The magnitude plot is constantly decreasing with a slope of -40dB/decade. Following basic rules this already implies that at the given frequencies, the system can be approximated using a double integrator. The rule of thumb for this is: -20dB/decade for each pure integrator. The phase plot backs this statement with a nearly constant -180 degrees phase angle. Same to the magnitude plot, the rule of thumb is -90 degrees for each pure integrator. (pure integrator means $\alpha\frac{1}{s}$). However, the interesting part here is the little bump in this phase plot. This behaviour can be explained using the following example:

$$H(s)|_{s\ll\text{min}(\alpha, \beta)} = \frac{s+\alpha}{s(s+\beta)}$$

Let imagine drawing a bode plot for this. At low frequencies, this can be approximated as $$\frac{\alpha}{\beta s}$$ so a pure integrator. For very high frequencies this approximates to:

$$H(s)|_{s\gg\text{max}(\alpha, \beta)} = \frac{s}{s^2} = \frac{1}{s}$$

So as you see, the low frequency approximations behaves equal to the high frequency approximation. What happens in between depend on which value is smaller. is $\alpha < \beta$ then the magnitude plot approaches a horizontal slope (and a 0-degree phase angle) for values larger than $\alpha$, but again a -1 slope for values larger than $\beta$. However, if $\alpha$ and $\beta$ are very close, this effect is practically not visible in the magnitude plot. The phase plot does show a bump as the effect in phase changes much faster. As such, to return to your case, the bode plot shows almost the perfect behaviour of a double integrator system. Given your system representation, it is safe to assume 4 poles are closely cancelled by 4 zeros.

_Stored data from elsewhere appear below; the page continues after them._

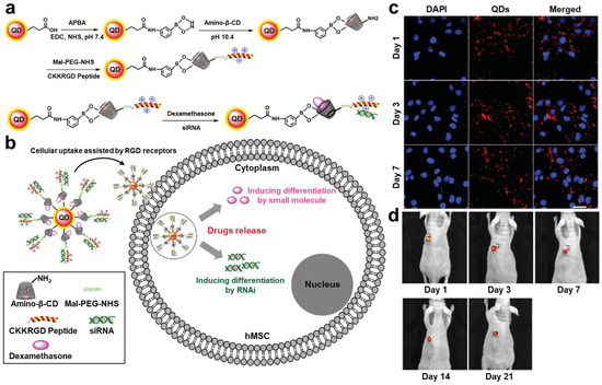 Similar to fluorescent dye-embedded nanoparticles, it is important to enhance the endocytosis and extend the intracellular retention of QDs for efficient in vivo stem cell tracking. Y. Lei et al. fabricated Tat peptide-conjugated QDs (QD-Tat peptides) for the sufficient labeling of MSCs [100]. QD-Tat peptides were produced by coating CdSe/ZnS QDs with DSPE-PEG 2000 amine and conjugating cysteine-modified Tat peptide to the end of the PEG chain. QD-Tat peptides were actively taken up by MSCs and localized within perinuclear spaces, while QDs without Tat peptide conjugation showed no significant cellular internalization. The endocytosis efficiency of QD-Tat peptides was over 95%, which promoted the tracking of QD-Tat peptide-labeled MSCs via fluorescence microscopy after intravenous administration to mice. Arg-Gly-Asp (RGD) peptides have also been utilized to improve the labeling efficiency of QDs [101]. J. Li et al. synthesized RGD peptide- and β-cyclodextrin (CD)-modified CdTe/ZnS QDs (RGD-β-CD-QDs) and employed them for human MSC (hMSC) labeling (Figure 3a). The surface-conjugated RGD peptides assisted the cellular uptake of RGD-β-CD-QDs by mediating the interaction with RGD receptors, and β-CDs improved the hMSC viability after the labeling (Figure 3b,c). In the in vivo assessment, the long-term tracking of RGD-β-CD-QDs-labeled MSCs after their subcutaneous implantation was accomplished for up to 21 days without significant reduction in fluorescent signals (Figure 3d).
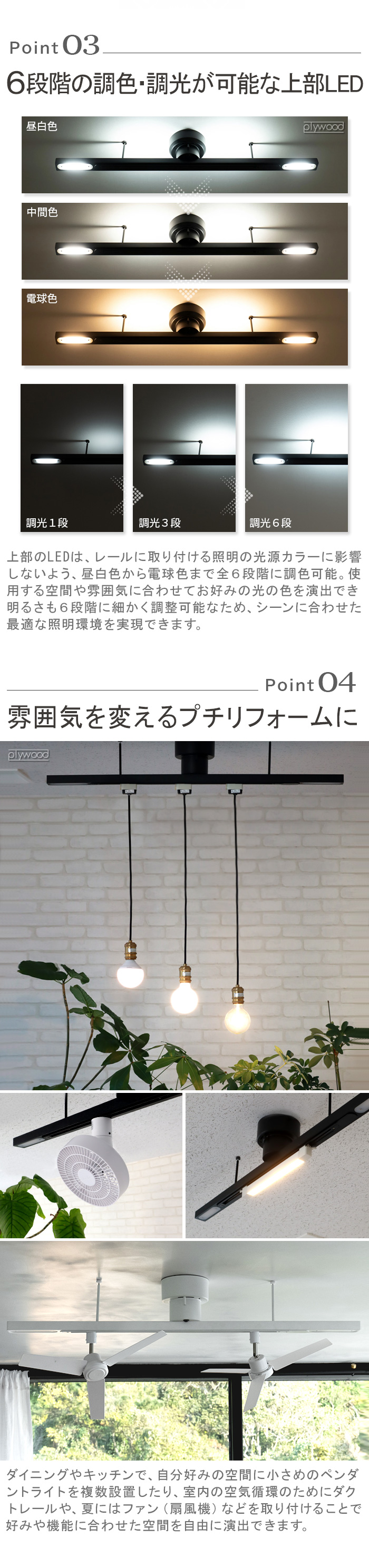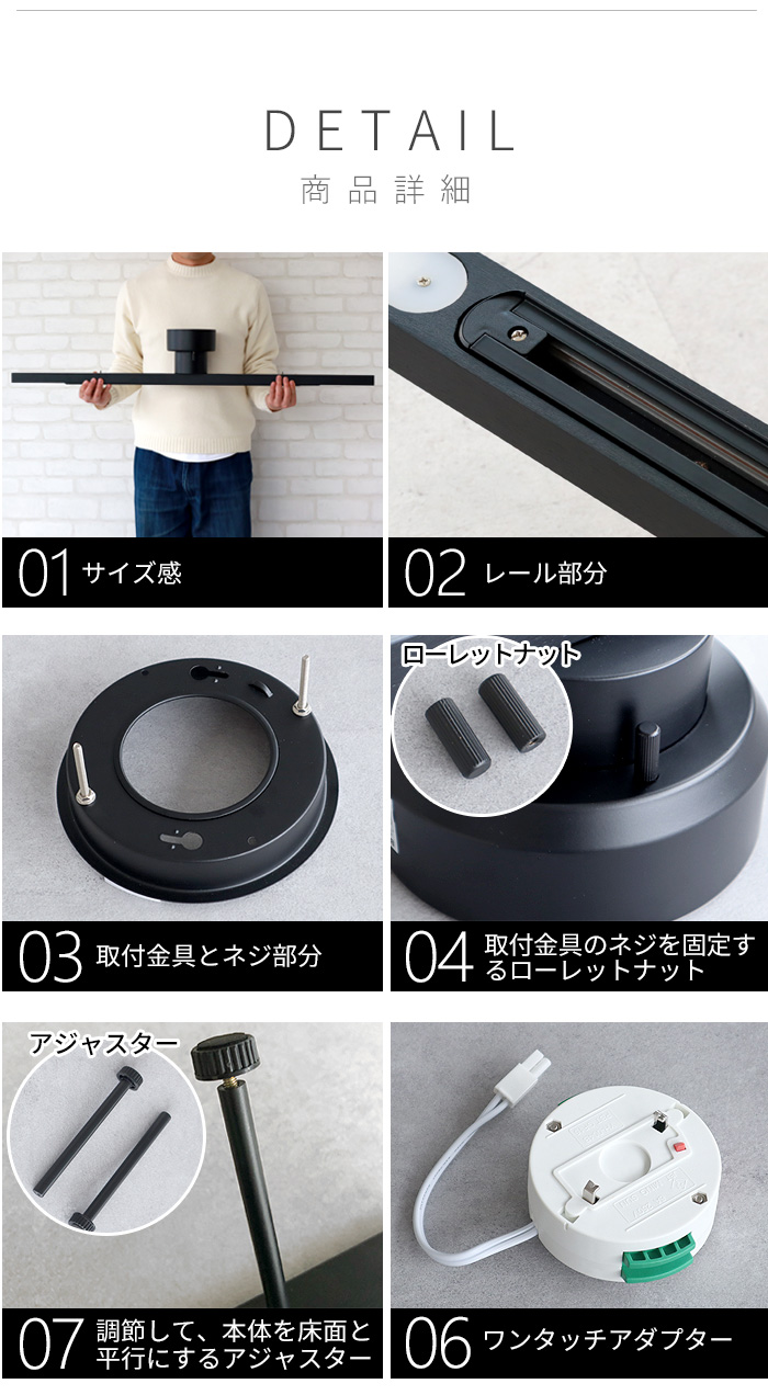 多灯使いやスポットライトの取り付けに便利なダクトレール 工事不要で、既存のローゼットや引っ掛けシーリングに簡単に取り付けられる照明用ダクトレール。多灯使いやスポットライトの設置にも便利です。 |
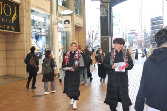 三宮センター街、元町商店街、そして和田岬駅周辺の3ヶ所で実施された今回のプロモーション活動には、ヴィッセル神戸の選手たちも積極的に参加。小松蓮選手、冨永虹七選手、山田海斗選手、濱崎健斗選手、瀬口大翔選手が元町商店街にて約1時間にわたり、地域住民の皆さまへ直接チラシを手渡しました。
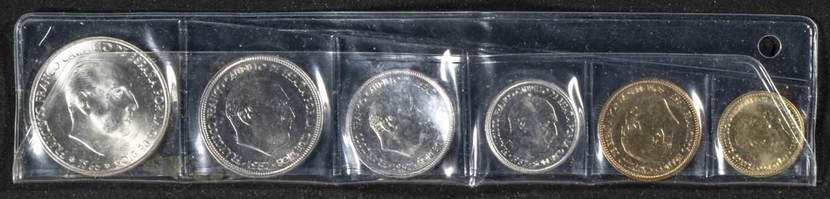 ESTADO ESPAÑOL (1936-1975). Tira de la F.N.M.T. con los valores 1, 2'50, 5, 25, 50 y 100 Pesetas. 1970. PROOF.
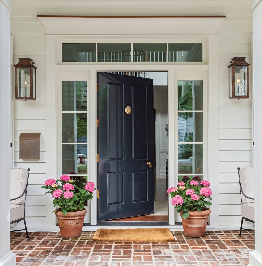 Brick flooring and crisp white siding set a classic stage, but that glossy navy door steals the spotlight. Polished brass hardware and a pineapple knocker give it just enough preppy polish. Twin terracotta pots filled with hot pink hydrangeas add a cheery jolt of color—welcoming, but not trying too hard. French sidelights and transom windows keep things bright and symmetrical, no matter how wide the door swings open.

One thing that remains unknown is whether these cancelled poles and zeros might be in the right half plane. This is where the nyquist plot play a role. The nyquist stability criterion uses the amount of encirclements of the point -1 to determine stability of the system. This criterion roughly shows that the amount of encirclements of the -1 point is equal to the amount of unstable poles in the closed loop system and the amount of open loop unstable poles. If the net result is > 0 (so clock-wise encirclements) the closed-loop response is unstable, if it is < 0 (so counter-clockwise encirclements) the open loop is unstable (I really hope I am right here).

Your graph does not show any encirclements. However, due to the presence of 2 pure integrators, the graph shown is not complete. This should include a full rotation in the clockwise direction with an infinite radius. As such, the contour does actually encircle the -1 point more than once in the clockwise direction. This means that the closed-loop system has unstable poles, but if the open loop system has them as well is sadly not known (many sources state that you should know this).

And as for your third plot, I havent seen that one either so cannot give a proper interpretation. But despite that, I hope some of this is usefull!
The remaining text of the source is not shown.